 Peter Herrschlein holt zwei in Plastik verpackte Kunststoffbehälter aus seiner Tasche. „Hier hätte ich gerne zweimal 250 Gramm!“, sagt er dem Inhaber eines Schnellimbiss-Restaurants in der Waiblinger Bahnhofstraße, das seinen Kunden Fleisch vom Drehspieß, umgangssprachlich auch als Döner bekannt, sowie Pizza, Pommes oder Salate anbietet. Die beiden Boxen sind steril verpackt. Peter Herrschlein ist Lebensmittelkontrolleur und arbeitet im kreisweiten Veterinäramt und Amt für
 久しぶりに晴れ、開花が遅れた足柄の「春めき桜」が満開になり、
...
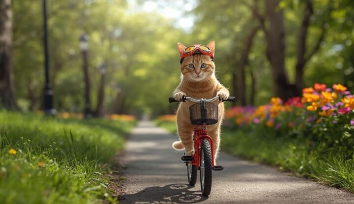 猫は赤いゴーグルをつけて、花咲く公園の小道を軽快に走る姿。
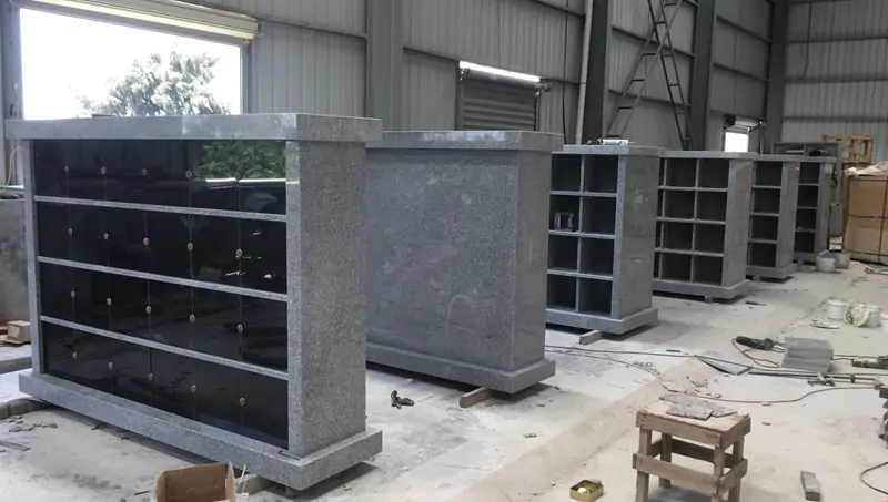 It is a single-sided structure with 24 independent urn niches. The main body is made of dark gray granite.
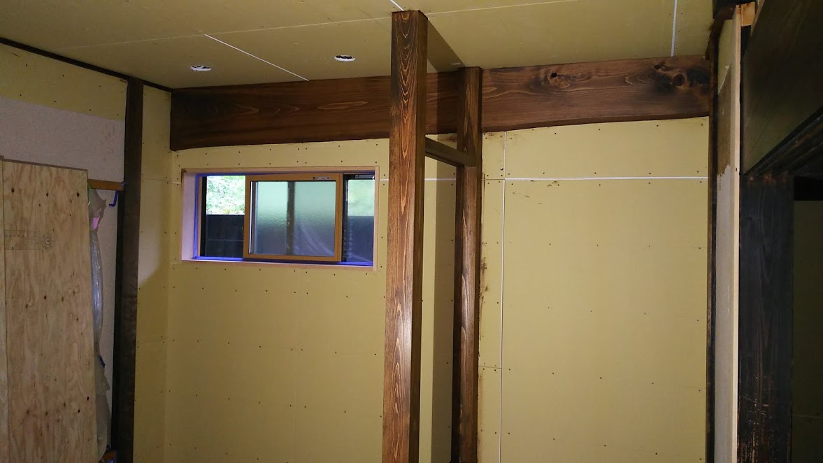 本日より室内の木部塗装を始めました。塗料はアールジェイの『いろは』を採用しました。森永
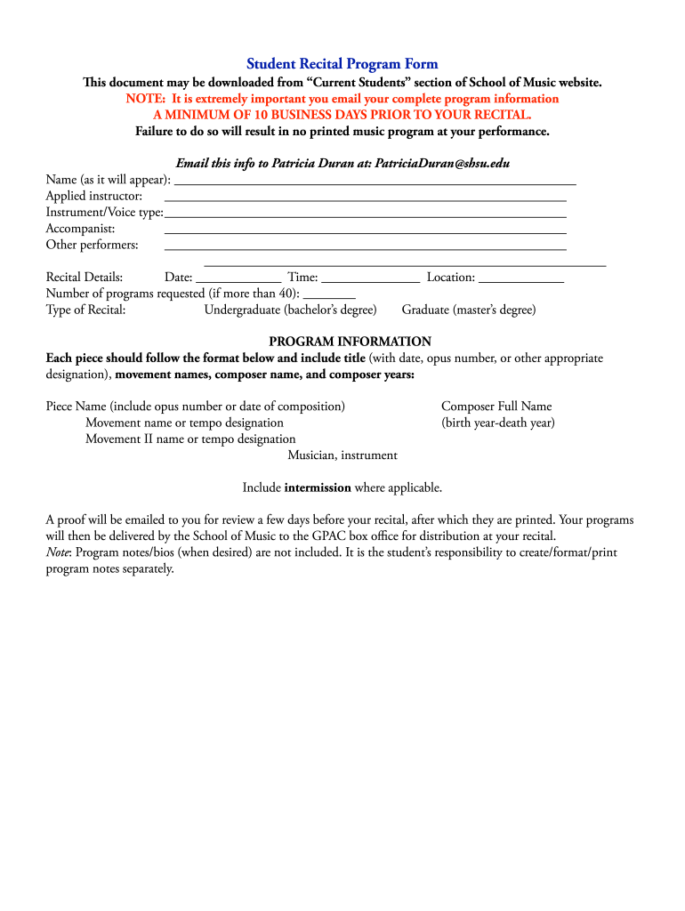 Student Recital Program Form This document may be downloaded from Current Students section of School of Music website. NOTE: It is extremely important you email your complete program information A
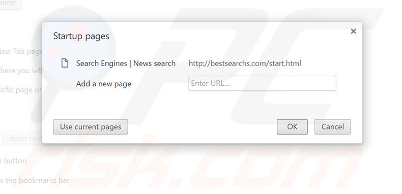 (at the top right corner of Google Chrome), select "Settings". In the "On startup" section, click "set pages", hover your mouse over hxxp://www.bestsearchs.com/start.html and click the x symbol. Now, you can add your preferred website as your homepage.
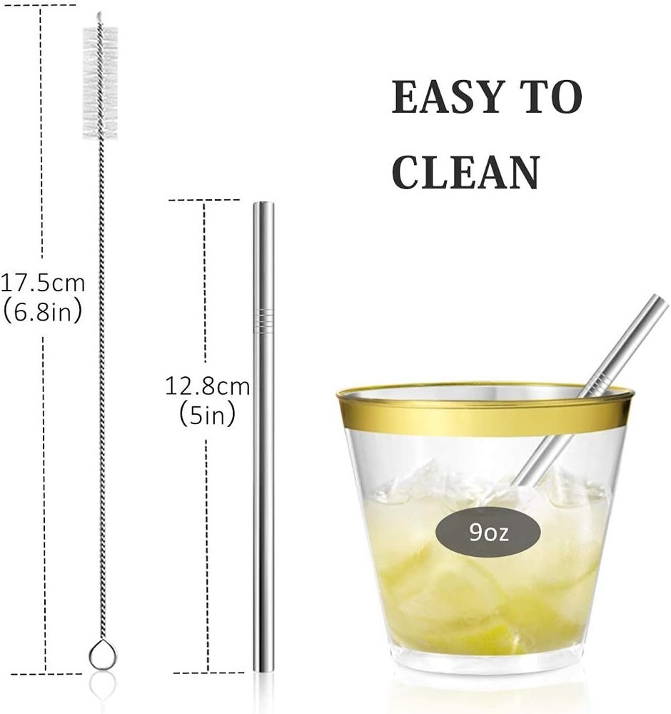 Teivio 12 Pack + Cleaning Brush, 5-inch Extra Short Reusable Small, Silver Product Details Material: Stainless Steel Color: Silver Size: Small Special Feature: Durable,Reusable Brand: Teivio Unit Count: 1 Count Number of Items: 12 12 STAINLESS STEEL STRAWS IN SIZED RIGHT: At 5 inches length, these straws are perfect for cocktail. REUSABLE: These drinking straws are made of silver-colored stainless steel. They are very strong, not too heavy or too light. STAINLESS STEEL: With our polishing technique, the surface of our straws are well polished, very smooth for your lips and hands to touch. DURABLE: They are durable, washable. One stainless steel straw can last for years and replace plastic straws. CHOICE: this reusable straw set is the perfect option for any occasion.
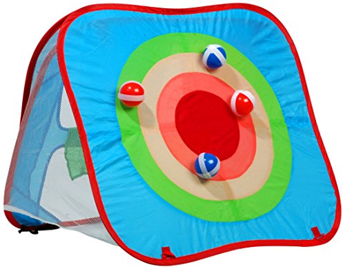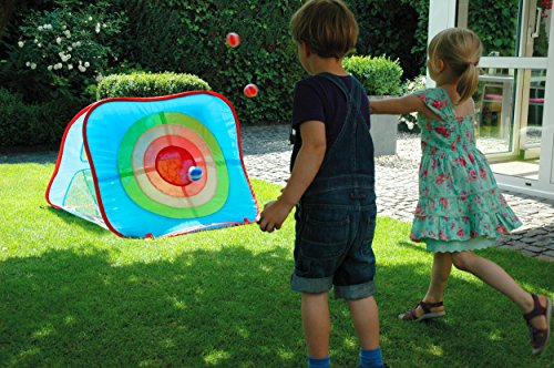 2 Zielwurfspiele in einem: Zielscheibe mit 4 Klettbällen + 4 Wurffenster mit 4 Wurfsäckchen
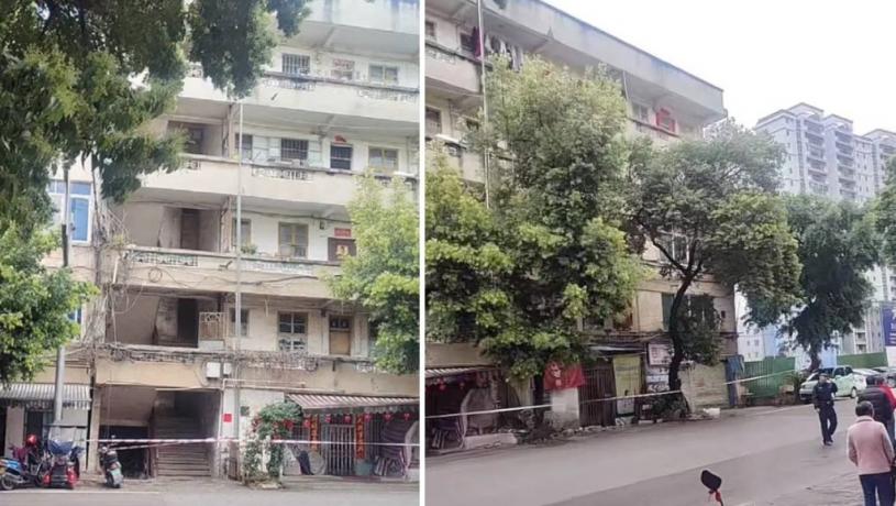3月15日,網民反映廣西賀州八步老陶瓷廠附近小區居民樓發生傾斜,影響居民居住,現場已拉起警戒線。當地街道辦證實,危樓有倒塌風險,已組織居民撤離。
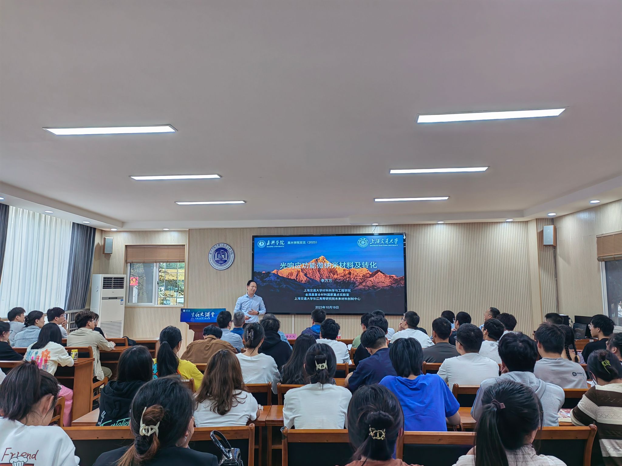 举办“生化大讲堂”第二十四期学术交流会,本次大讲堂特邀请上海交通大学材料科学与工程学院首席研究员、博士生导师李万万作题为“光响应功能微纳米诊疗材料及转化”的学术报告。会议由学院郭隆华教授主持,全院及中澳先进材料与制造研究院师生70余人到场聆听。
==
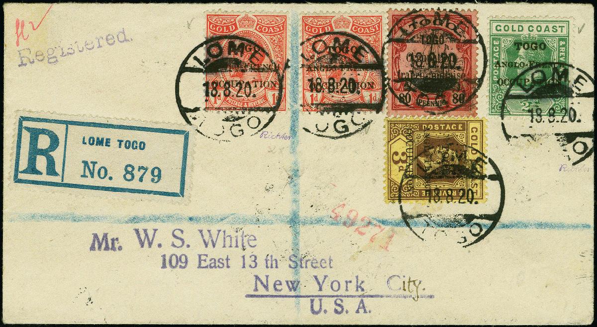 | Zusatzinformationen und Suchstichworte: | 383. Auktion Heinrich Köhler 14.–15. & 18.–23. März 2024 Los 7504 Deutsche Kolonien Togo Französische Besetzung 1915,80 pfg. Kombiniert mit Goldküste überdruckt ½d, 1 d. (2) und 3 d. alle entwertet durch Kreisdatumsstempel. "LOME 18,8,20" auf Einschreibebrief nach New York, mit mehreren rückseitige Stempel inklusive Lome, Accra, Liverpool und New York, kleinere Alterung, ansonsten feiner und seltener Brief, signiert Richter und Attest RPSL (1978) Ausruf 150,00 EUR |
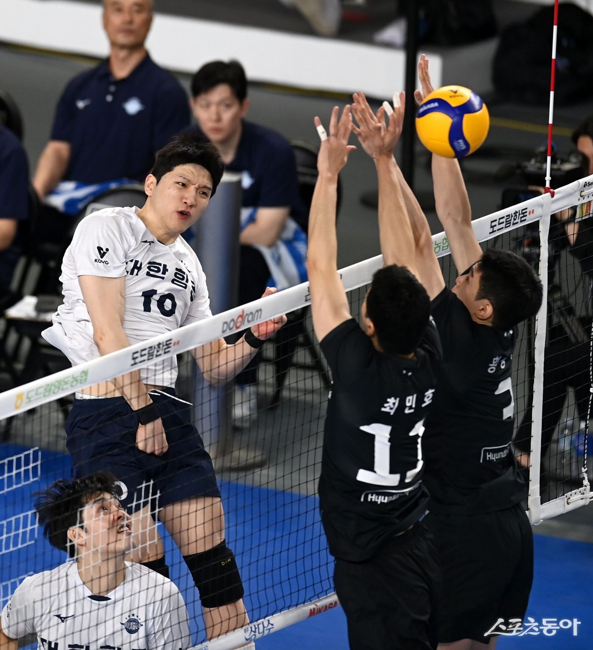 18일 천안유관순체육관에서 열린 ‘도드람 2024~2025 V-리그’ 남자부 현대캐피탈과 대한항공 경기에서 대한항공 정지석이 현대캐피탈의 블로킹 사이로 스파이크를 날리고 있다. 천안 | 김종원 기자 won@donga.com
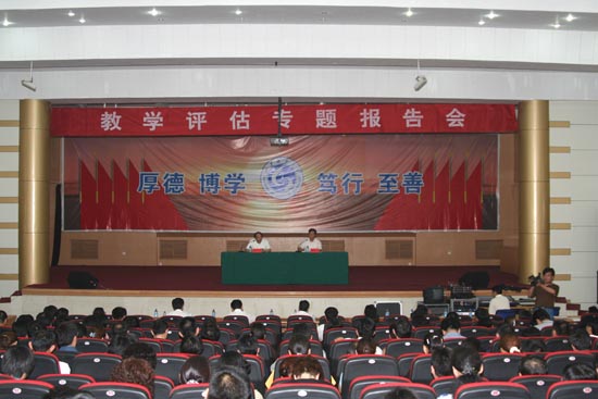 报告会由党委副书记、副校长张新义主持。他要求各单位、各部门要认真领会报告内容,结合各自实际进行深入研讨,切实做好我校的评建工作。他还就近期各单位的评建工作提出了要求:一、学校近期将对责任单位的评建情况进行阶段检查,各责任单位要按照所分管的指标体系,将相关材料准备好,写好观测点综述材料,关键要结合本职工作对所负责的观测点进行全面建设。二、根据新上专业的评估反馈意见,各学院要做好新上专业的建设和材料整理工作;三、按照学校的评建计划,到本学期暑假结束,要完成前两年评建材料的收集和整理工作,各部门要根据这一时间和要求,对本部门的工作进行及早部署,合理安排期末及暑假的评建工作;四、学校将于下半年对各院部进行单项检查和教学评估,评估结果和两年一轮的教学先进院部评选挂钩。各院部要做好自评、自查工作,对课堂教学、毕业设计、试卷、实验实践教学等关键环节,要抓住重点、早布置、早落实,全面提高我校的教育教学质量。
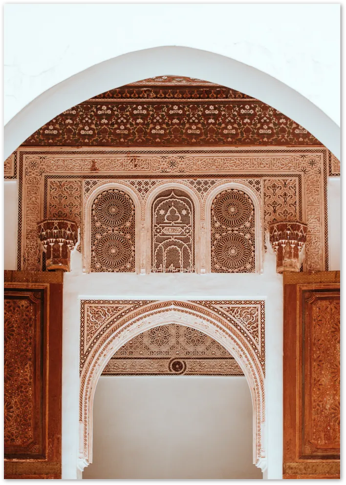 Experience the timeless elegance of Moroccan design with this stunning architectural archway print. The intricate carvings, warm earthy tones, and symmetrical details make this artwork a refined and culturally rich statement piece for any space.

*Activity*
Would you please copy, word for word, everything above from the line containing "Peter Herrschlein holt" down to the line containing "久しぶりに晴れ、開花が遅れた足柄の「春めき桜」が満開になり、", those two lines included?

*Task answer*
 Peter Herrschlein holt zwei in Plastik verpackte Kunststoffbehälter aus seiner Tasche. „Hier hätte ich gerne zweimal 250 Gramm!“, sagt er dem Inhaber eines Schnellimbiss-Restaurants in der Waiblinger Bahnhofstraße, das seinen Kunden Fleisch vom Drehspieß, umgangssprachlich auch als Döner bekannt, sowie Pizza, Pommes oder Salate anbietet. Die beiden Boxen sind steril verpackt. Peter Herrschlein ist Lebensmittelkontrolleur und arbeitet im kreisweiten Veterinäramt und Amt für
 久しぶりに晴れ、開花が遅れた足柄の「春めき桜」が満開になり、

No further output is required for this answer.